Material provided:
******

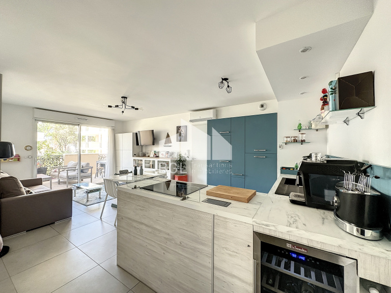 Il bénéficie d'une belle pièce de vie donnant sur une magnifique terrasse couverte, d'une cuisine ouverte entièrement équipée (cave, lave-vaisselle ...)
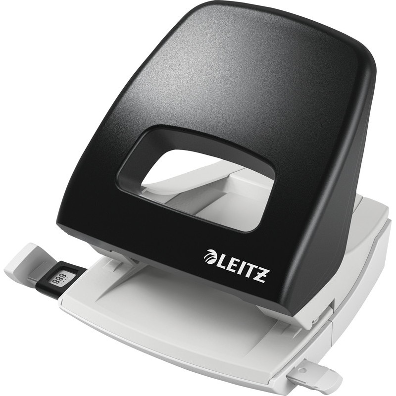 Perforateur LEITZ® série NeXXt 5005 partie inférieure en métal, poignée en ABS avec étrier en métal, pour écartement 8 cm, perforation Ø 5,5 mm, réglette avec indications du format facilement lisibles et fenêtre de visualisation du format réglé en couleur, poinçons extrêmement bien affûtés, zone de préhension prémoulée brevetée pour une perforation sans effort, capacité de perforation 2,5 mm (25 feuilles). Garantie: 10 ans. Certification: GS.
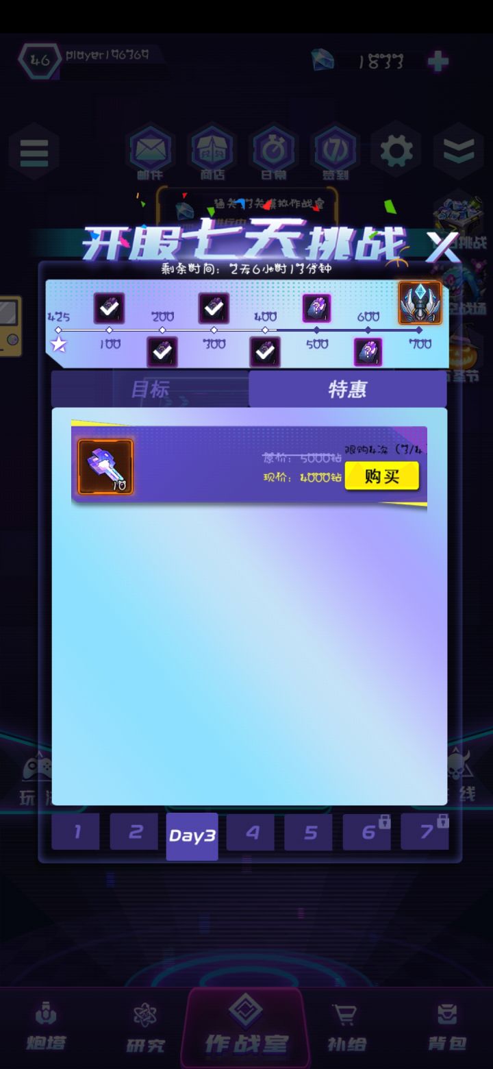通过轮回加成就可以快速积攒钻石,但是不要迁越,然后在通过开服七天挑战买钥匙去开箱子,箱子最好来一次限时就行,一次10连就可以出一个金色炮塔,然后去做模你站,上面是最简单的,如图所示。#游戏种草计划
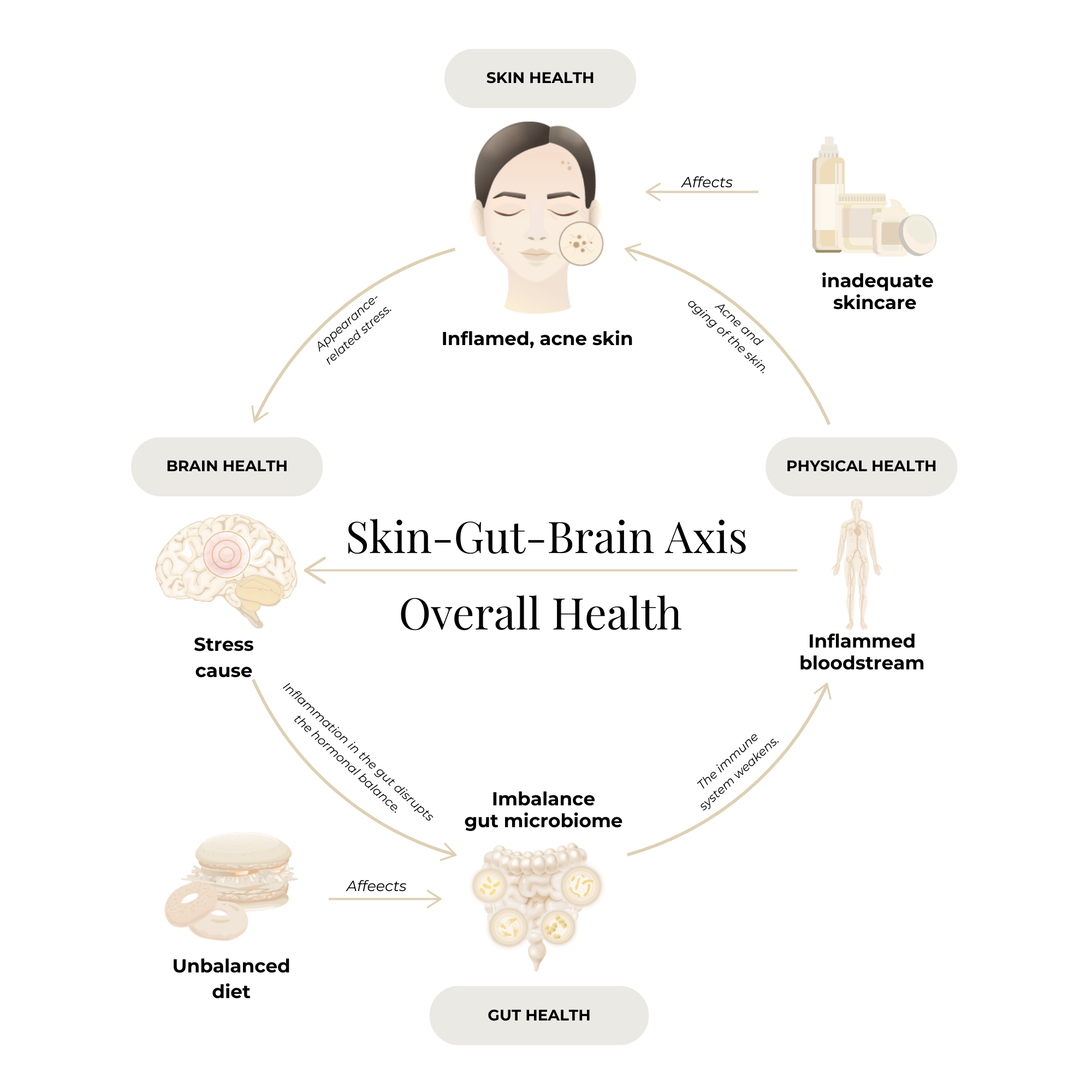 We are aware that true beauty and well-being are based not only on the care of the external, but also the internal and spiritual aspects of our body. The skin-gut-brain axis and its connection to acne is a concept close to our hearts and supported by extensive research. More and more studies are linking the presence of a “skin-gut-brain axis” that connects skin homeostasis, gut health, and emotions. A growing body of research links stressful emotions to a change in the gut microbiome, which promotes inflammation in the body and skin and leads to acne. Nourished3's magical trilogy encompasses these three principles. Both Nourished3 ingredients and the techniques we share can help promote a healthy skin microbiome, restore a healthy, balanced skin microbiome, and protect the skin barrier for clear and healthy skin. We also focus on strengthening and inspiring the spiritual being through aromatherapy and mindfulness, as well as inner nourishment through healthy and rich nutrition.

******

Exercise directions:
Transcribe the data word for word, with no images.

Problem solution:
 Il bénéficie d'une belle pièce de vie donnant sur une magnifique terrasse couverte, d'une cuisine ouverte entièrement équipée (cave, lave-vaisselle ...)
 Perforateur LEITZ® série NeXXt 5005 partie inférieure en métal, poignée en ABS avec étrier en métal, pour écartement 8 cm, perforation Ø 5,5 mm, réglette avec indications du format facilement lisibles et fenêtre de visualisation du format réglé en couleur, poinçons extrêmement bien affûtés, zone de préhension prémoulée brevetée pour une perforation sans effort, capacité de perforation 2,5 mm (25 feuilles). Garantie: 10 ans. Certification: GS.
通过轮回加成就可以快速积攒钻石,但是不要迁越,然后在通过开服七天挑战买钥匙去开箱子,箱子最好来一次限时就行,一次10连就可以出一个金色炮塔,然后去做模你站,上面是最简单的,如图所示。#游戏种草计划
 We are aware that true beauty and well-being are based not only on the care of the external, but also the internal and spiritual aspects of our body. The skin-gut-brain axis and its connection to acne is a concept close to our hearts and supported by extensive research. More and more studies are linking the presence of a “skin-gut-brain axis” that connects skin homeostasis, gut health, and emotions. A growing body of research links stressful emotions to a change in the gut microbiome, which promotes inflammation in the body and skin and leads to acne. Nourished3's magical trilogy encompasses these three principles. Both Nourished3 ingredients and the techniques we share can help promote a healthy skin microbiome, restore a healthy, balanced skin microbiome, and protect the skin barrier for clear and healthy skin. We also focus on strengthening and inspiring the spiritual being through aromatherapy and mindfulness, as well as inner nourishment through healthy and rich nutrition.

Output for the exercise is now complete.